Bharatiya Gorkha Parisangh
- Abbreviation: BGP
- Formation: 2001
- Type: Social organization
- Headquarters: Siliguri
- Location: India;
- Region served: Sikkim, Delhi, Assam, Uttarakhand, Himachal Pradesh, Maharashtra, Karnataka, Jharkhand, Mizoram, Manipur, Nagaland, Meghalaya, Tripura, Arunachal Pradesh, Jammu and Kashmir, Chhattisgarh, Uttar Pradesh and Punjab
- Membership: The Bharatiya Gorkha Parisangh has both institutional and individual memberships
- Official language: Nepali
- Website: gorkhaparisangh.com

= Bharatiya Gorkha Parisangh =

Non-government national-level organization of Gorkhas ethnic group of India

Bharatiya Gorkha Parisangh (भारतीय गोर्खा परिसंघ; translation: Indian Gorkha Confederation) is a non-government national-level organization of Gorkhas (Nepali) ethnic group of India.

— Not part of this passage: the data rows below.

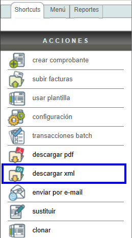 De click en el botón "Descargar XML" ubicado en el menú "Acciones".
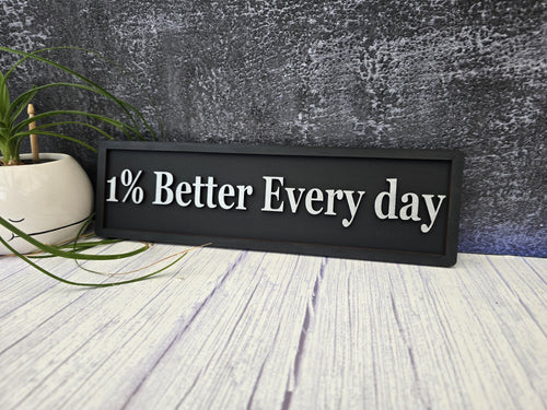 1% Better Every Day Sign, Wooden Motivational Decor
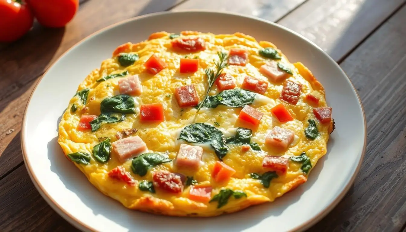 - This protein-packed dish combines eggs, ham, cheese, and vegetables for a filling meal.
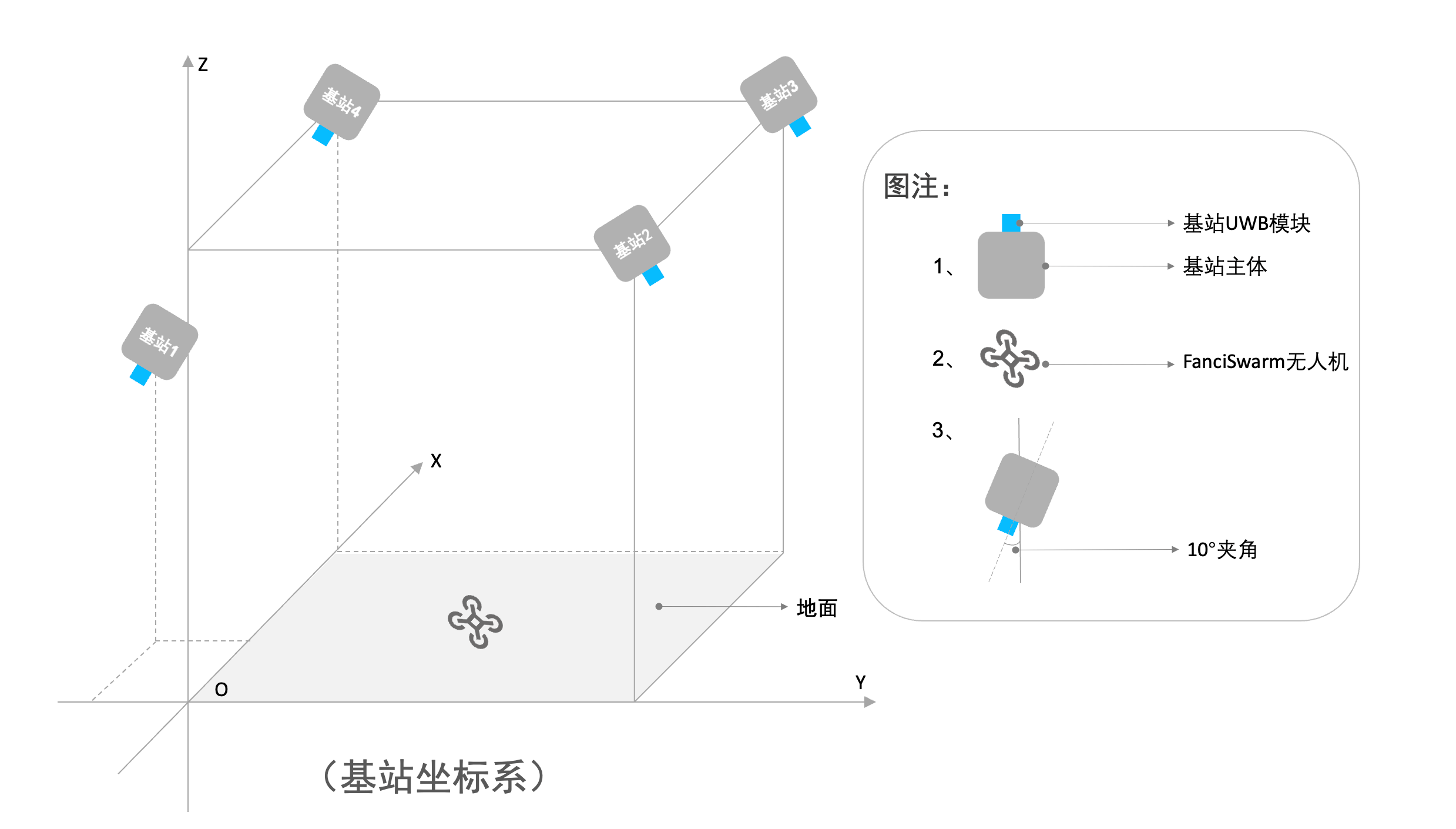 看家本领。基于FanciSwarm® 全自研的高精度 UWB 定位系统,无人机实时完成位置估计后自主依据集群算法精准飞行,整个飞行过程借助ROS通信完成。

Bharatiya Gorkha Parisangh was established in 2001. It has its headquarters at Siliguri, in the Darjeeling district of West Bengal and unit offices in almost all the regions of India, including the states of Delhi, Sikkim, Assam, Uttarakhand, Himachal Pradesh, Maharashtra, Karnataka, Jharkhand, Mizoram, Manipur, Nagaland, Meghalaya, Tripura, Arunachal Pradesh, Jammu and Kashmir, Chhattisgarh, Uttar Pradesh and Punjab. Its former National President Munish Tamang resigned before joining the Congress party.

==Vision==
The Bharatiya Gorkha Parisangh is committed to the vision of a Gorkha (Nepali) society in India, recognized and accepted as a dignified, cultured and patriotic society at par with any other civilized modern Indian society enjoying the full rights and privileges enshrined in the Indian Constitution.

==Mission==
The Bharatiya Gorkha Parisangh is committed to the task of bonding each and every member of the Gorkha community in a national, unified body through systematic planning and orientation, thereby strengthening and guiding them in all aspects of their social, cultural, educational, economic and political growth.

==Demands==
Bharatiya Gorkha Parisangh has identified six issues of the Indian Gorkhas to be resolved at the national level:

1. Creation of a separate state for the Gorkhas of India
2. Identification of the problems of tea garden and cinchona plantation in Darjeeling-Dooars as a national problem
3. Addressing the sense of insecurity and uncertainty in the minds of Gorkhas of Northeast India
4. Commissioning of a Doordarshan channel dedicated to the Nepali-speaking Gorkhas
5. Accessing for Gorkhas all social benefits under Constitutional provisions like SC, ST, OBC, etc., in all parts of India and nomination of Gorkhas to public and government bodies
6. Recognition of Gorkhas as a linguistic minority community

==Membership==
The Bharatiya Gorkha Parisangh has both institutional and individual memberships. Many cultural, literary and social organizations are associated with it. The Parisangh also has individuals in its rolls, including eminent political leaders, litterateurs, cultural personalities, academics and professionals. Its main membership - and its strength - however, remains the mass of common people who aspire to be active players in the progress of India.